None of this is to say that your Board is not working hard and diligently towards establishing the true value of the project or that shareholders should not remain optimistic about Marenica's prospects. Your Board believes that its JORC compliant resources will increase (a new statement is due out shortly, which is consistent with the Company's previous ASX announcement aiming for an end of July 2008 release) and that the uranium spot price will recover.
However, your Board is determined to manage the project and its promotion in a professional manner with the advice received from its advisers, ensuring that at all times it complies with JORC standards, and ASX resource reporting requirements.
Promoters are relatively easy to find - economic ore bodies are not!
Real shareholder wealth is generated through technical success, driven by a knowledgeable, experienced and dedicated exploration team.
MARENICA LICENCE RIGHTS
When your Company signed its original agreement with Jaco Smith, it acquired a right to 80% of the shares of Marenica Minerals (Proprietary) Limited, a Namibian company that was set up under the agreement to hold the Marenica exploration rights. This right was subject to the Company spending Namibian $1,500,000, which it completed over twelve months ago. These rights are not disputed by Smith or Nikolaenko. The company has legal advice confirming the existence of these rights.
The Board believes it is grossly misleading and damaging to suggest that these rights and the Company's interests are not "secure".
The Board also believes it is misleading for Nikolaenko to suggest that he "has been endeavouring to bring the parties together". Mr. Nikolaenko has been actively negotiating on behalf of Mr. Smith for him to gain effective veto rights over the management of the project. This has been resisted by the Board and as a result, Mr. Nikolaenko threatened to seek the appointment of a new Chief Executive Officer. When the Board declined Mr. Nikolaenko's request for Gary Stokes to be appointed, Mr. Nikolaenko demanded the appointment of Messrs Judge and Sanders as directors within 48 hours. When your Board requested the time to assess and interview his nominees, the Requisitioning Parties requisitioned the shareholders meeting.
KEEPING SHAREHOLDERS ADEQUATELY INFORMED
The Board learned of the Requisitioning Parties letter to shareholders dated 21 July 2008, on Friday, 25 July 2008.

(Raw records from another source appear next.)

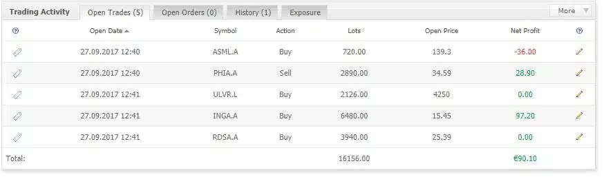 Nieuw ! We zijn gestart met trading op de AEX-top 5. Ditmaal gaan we automatisch handelen. Wij gaan inspelen op marktbewegingen van de vijf grootste beursfondsen, zowel long als short. Dus we kunnen ook profiteren van een daling van de beurskoersen. Markten zullen immers niet altijd stijgen. Wij kiezen voor de vijf grootste beursfondsen vanwege de transparantie en liquiditeit. Het gaat om Royal Dutch Shell, Unilever, ING, ASML en Philips.
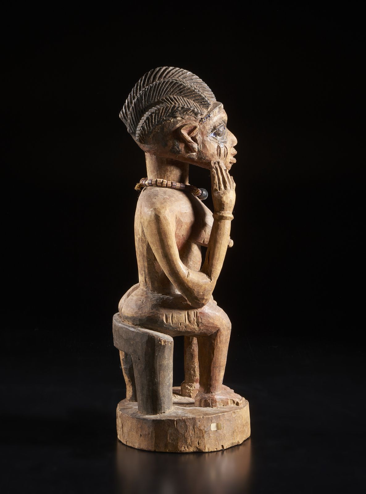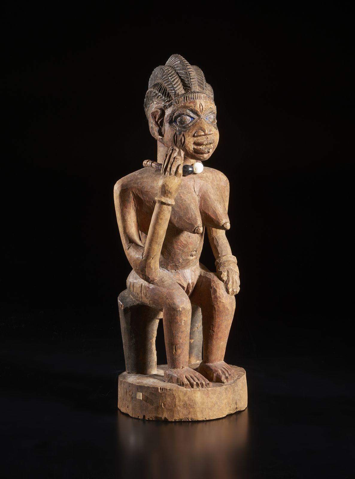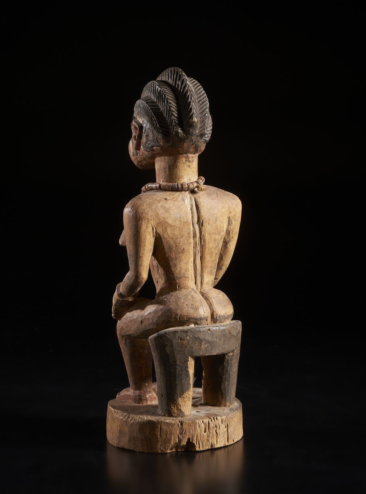 Scultura antropomorfa femminile seduta su seggio. Legno a patina naturale, pigmenti [..]
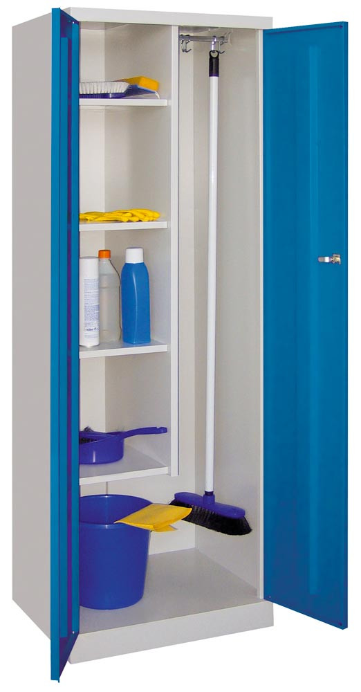 Putzmittelschr. mit Sockel, mittig verk. Trennw., li. 4, Böden, Stange mit 3 Haken, BxTxH 600x500x1800 mm, RAL 5010 E1572319
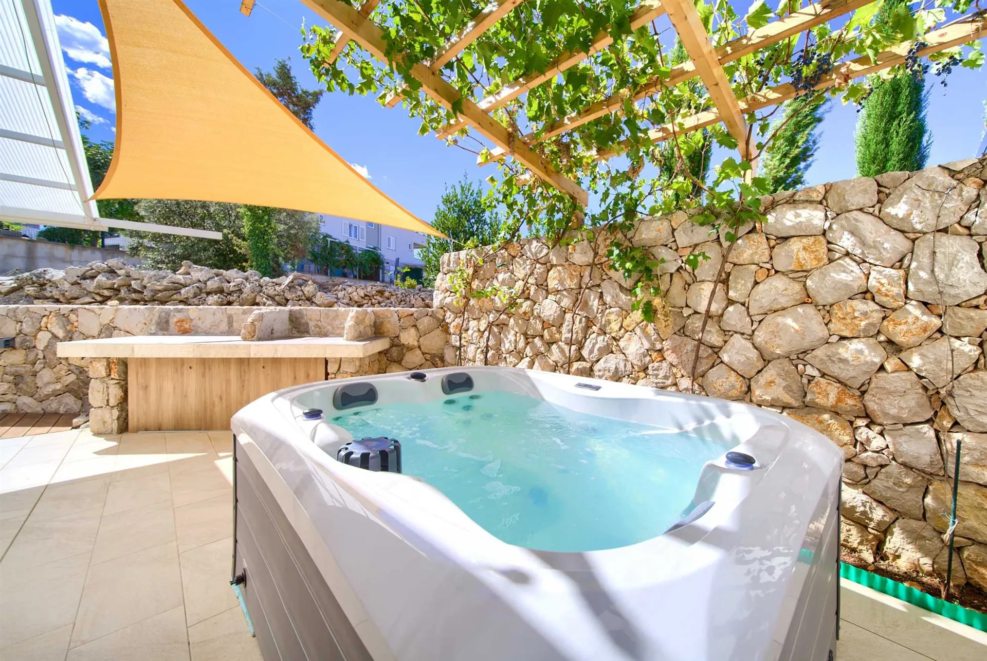 The exquisite Apartment Nadica Deluxe 3 with a hot tub is located a 2-minute walk from Rova Beach in Malinska and offers accommodation with air conditioning and free wireless internet access. The apartment has a fully equipped kitchen where a kettle, coffee maker, oven, and microwave are available. In the living room, there is a flat-screen TV and a sofa bed for a third person, while the bedroom features a double bed. The apartment is furnished to the highest standards. The bathroom with a shower also includes a washing machine, and towels and bed linen are provided. The apartment is located on the ground floor and has a garden with a barbecue area and sun loungers. Accommodation includes free parking in a private parking lot. Nearby are cycling trails and walking paths, and the sea is nearby. The center of Malinska is 1.5 km away. This property is not suitable for pets.
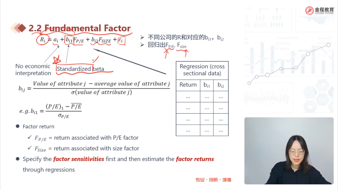这里的贝塔从公式来讲,等于delta Ri 除以 deta Return on P E,也等于PE的标准化结果,实际上这里是能推导出来这两个相等对吗?
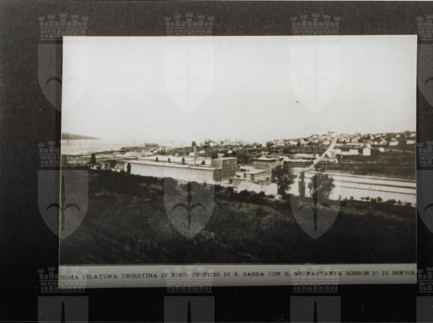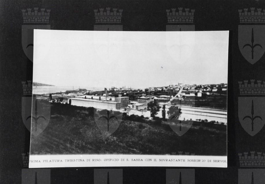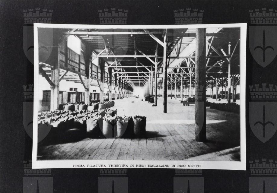 Riproduzione fotografica degli edifici della pilatura del riso, dei magazzini
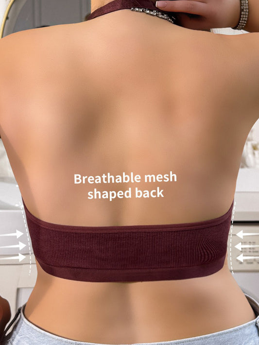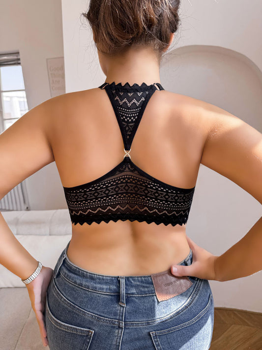 Lace Halter Strap Front-Clasp Wireless Bra for Plus Sizes – Sexy Backless Design

The Board understands that, at the date of this letter, not all shareholders have received a copy of that, or this letter.
In an endeavour to ensure that all shareholders of WME are fully informed, and have had an opportunity to consider the manner in which they wish to vote at the meeting of shareholders requisitioned by the Requisitioning Parties, the Board intends to apply to the Court seeking a short postponement of that meeting. The Board anticipates the Court will hear that application on Wednesday, 30 July 2008, or Thursday, 31 July 2008. The Board will inform shareholders, after that time, of the outcome of that application.
RECOMMENDATION
Your Board recommends that shareholders:
(i) vote against the resolution to remove Terence Shanahan; and
(ii) vote against the resolutions to appoint the three persons nominated by the Requisitioning Parties (Messrs Stokes, Judge and Sanders), for the reasons set out in the Explanatory Memorandum accompanying the Notice of Meeting dispatched to all of the Company's shareholders on 3 July 2008.